- [Exercise directions]: Return the listing verbatim, images left out.

- [Data segment]:
►

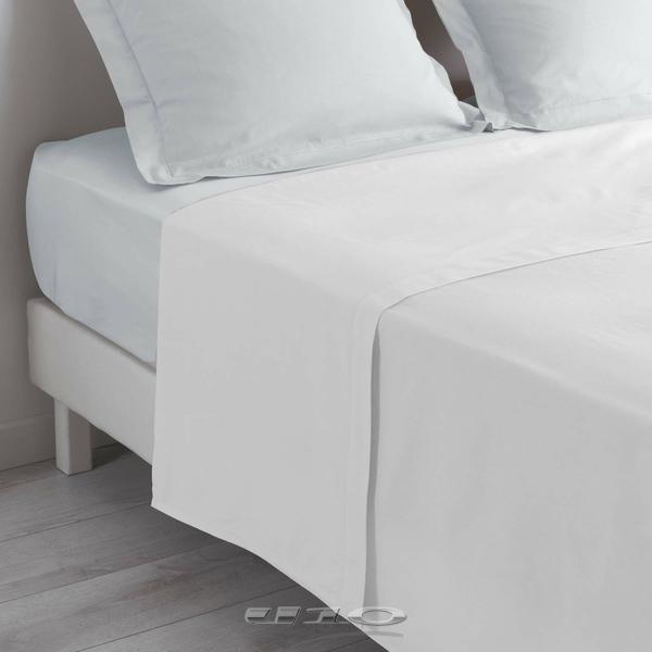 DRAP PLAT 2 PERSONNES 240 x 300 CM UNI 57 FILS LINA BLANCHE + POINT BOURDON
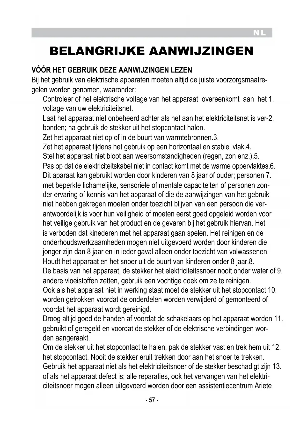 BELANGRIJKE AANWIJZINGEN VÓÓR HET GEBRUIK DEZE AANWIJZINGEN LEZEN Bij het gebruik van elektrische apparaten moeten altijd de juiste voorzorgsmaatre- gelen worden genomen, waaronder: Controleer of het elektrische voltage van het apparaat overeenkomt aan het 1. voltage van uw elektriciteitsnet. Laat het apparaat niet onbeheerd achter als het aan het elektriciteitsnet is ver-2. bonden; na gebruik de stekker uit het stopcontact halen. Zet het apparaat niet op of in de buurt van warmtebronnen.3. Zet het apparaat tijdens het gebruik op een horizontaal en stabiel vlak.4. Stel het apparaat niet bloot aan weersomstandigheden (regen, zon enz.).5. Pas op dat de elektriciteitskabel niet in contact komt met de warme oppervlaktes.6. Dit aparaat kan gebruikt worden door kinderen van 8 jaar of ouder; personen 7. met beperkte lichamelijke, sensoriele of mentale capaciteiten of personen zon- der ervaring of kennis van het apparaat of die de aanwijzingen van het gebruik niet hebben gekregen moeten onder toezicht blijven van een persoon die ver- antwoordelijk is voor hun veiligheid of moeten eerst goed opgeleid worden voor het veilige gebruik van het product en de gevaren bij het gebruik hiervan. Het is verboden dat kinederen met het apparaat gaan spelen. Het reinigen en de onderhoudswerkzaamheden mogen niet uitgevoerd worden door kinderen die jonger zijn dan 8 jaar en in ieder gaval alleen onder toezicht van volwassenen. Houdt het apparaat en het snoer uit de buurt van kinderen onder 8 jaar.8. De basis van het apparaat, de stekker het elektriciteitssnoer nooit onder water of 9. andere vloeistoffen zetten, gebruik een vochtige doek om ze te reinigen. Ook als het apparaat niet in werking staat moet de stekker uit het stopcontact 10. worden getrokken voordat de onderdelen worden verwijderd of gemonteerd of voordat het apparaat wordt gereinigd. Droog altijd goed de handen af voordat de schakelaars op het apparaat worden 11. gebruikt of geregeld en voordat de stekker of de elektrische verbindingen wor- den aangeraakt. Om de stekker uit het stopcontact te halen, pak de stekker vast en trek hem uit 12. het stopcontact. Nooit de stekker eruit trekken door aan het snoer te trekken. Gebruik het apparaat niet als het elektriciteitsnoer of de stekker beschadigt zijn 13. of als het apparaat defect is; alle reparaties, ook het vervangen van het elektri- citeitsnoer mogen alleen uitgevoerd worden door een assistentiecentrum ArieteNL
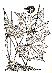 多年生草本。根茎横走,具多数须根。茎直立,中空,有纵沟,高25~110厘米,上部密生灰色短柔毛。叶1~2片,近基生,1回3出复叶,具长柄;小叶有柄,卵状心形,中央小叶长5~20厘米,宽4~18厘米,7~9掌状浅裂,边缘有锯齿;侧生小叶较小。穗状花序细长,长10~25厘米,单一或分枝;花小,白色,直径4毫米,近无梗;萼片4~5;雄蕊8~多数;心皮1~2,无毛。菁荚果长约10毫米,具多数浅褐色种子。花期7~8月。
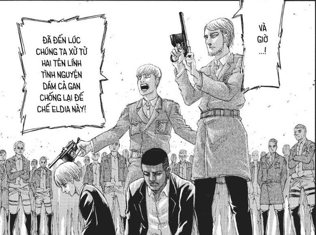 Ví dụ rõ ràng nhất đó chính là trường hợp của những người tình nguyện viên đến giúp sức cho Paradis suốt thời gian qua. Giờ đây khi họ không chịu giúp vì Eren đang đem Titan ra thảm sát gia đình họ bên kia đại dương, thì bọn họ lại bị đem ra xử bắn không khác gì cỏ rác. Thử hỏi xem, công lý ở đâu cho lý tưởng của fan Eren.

◄

- [Result of this task]:
 DRAP PLAT 2 PERSONNES 240 x 300 CM UNI 57 FILS LINA BLANCHE + POINT BOURDON
 BELANGRIJKE AANWIJZINGEN VÓÓR HET GEBRUIK DEZE AANWIJZINGEN LEZEN Bij het gebruik van elektrische apparaten moeten altijd de juiste voorzorgsmaatre- gelen worden genomen, waaronder: Controleer of het elektrische voltage van het apparaat overeenkomt aan het 1. voltage van uw elektriciteitsnet. Laat het apparaat niet onbeheerd achter als het aan het elektriciteitsnet is ver-2. bonden; na gebruik de stekker uit het stopcontact halen. Zet het apparaat niet op of in de buurt van warmtebronnen.3. Zet het apparaat tijdens het gebruik op een horizontaal en stabiel vlak.4. Stel het apparaat niet bloot aan weersomstandigheden (regen, zon enz.).5. Pas op dat de elektriciteitskabel niet in contact komt met de warme oppervlaktes.6. Dit aparaat kan gebruikt worden door kinderen van 8 jaar of ouder; personen 7. met beperkte lichamelijke, sensoriele of mentale capaciteiten of personen zon- der ervaring of kennis van het apparaat of die de aanwijzingen van het gebruik niet hebben gekregen moeten onder toezicht blijven van een persoon die ver- antwoordelijk is voor hun veiligheid of moeten eerst goed opgeleid worden voor het veilige gebruik van het product en de gevaren bij het gebruik hiervan. Het is verboden dat kinederen met het apparaat gaan spelen. Het reinigen en de onderhoudswerkzaamheden mogen niet uitgevoerd worden door kinderen die jonger zijn dan 8 jaar en in ieder gaval alleen onder toezicht van volwassenen. Houdt het apparaat en het snoer uit de buurt van kinderen onder 8 jaar.8. De basis van het apparaat, de stekker het elektriciteitssnoer nooit onder water of 9. andere vloeistoffen zetten, gebruik een vochtige doek om ze te reinigen. Ook als het apparaat niet in werking staat moet de stekker uit het stopcontact 10. worden getrokken voordat de onderdelen worden verwijderd of gemonteerd of voordat het apparaat wordt gereinigd. Droog altijd goed de handen af voordat de schakelaars op het apparaat worden 11. gebruikt of geregeld en voordat de stekker of de elektrische verbindingen wor- den aangeraakt. Om de stekker uit het stopcontact te halen, pak de stekker vast en trek hem uit 12. het stopcontact. Nooit de stekker eruit trekken door aan het snoer te trekken. Gebruik het apparaat niet als het elektriciteitsnoer of de stekker beschadigt zijn 13. of als het apparaat defect is; alle reparaties, ook het vervangen van het elektri- citeitsnoer mogen alleen uitgevoerd worden door een assistentiecentrum ArieteNL
 多年生草本。根茎横走,具多数须根。茎直立,中空,有纵沟,高25~110厘米,上部密生灰色短柔毛。叶1~2片,近基生,1回3出复叶,具长柄;小叶有柄,卵状心形,中央小叶长5~20厘米,宽4~18厘米,7~9掌状浅裂,边缘有锯齿;侧生小叶较小。穗状花序细长,长10~25厘米,单一或分枝;花小,白色,直径4毫米,近无梗;萼片4~5;雄蕊8~多数;心皮1~2,无毛。菁荚果长约10毫米,具多数浅褐色种子。花期7~8月。
 Ví dụ rõ ràng nhất đó chính là trường hợp của những người tình nguyện viên đến giúp sức cho Paradis suốt thời gian qua. Giờ đây khi họ không chịu giúp vì Eren đang đem Titan ra thảm sát gia đình họ bên kia đại dương, thì bọn họ lại bị đem ra xử bắn không khác gì cỏ rác. Thử hỏi xem, công lý ở đâu cho lý tưởng của fan Eren.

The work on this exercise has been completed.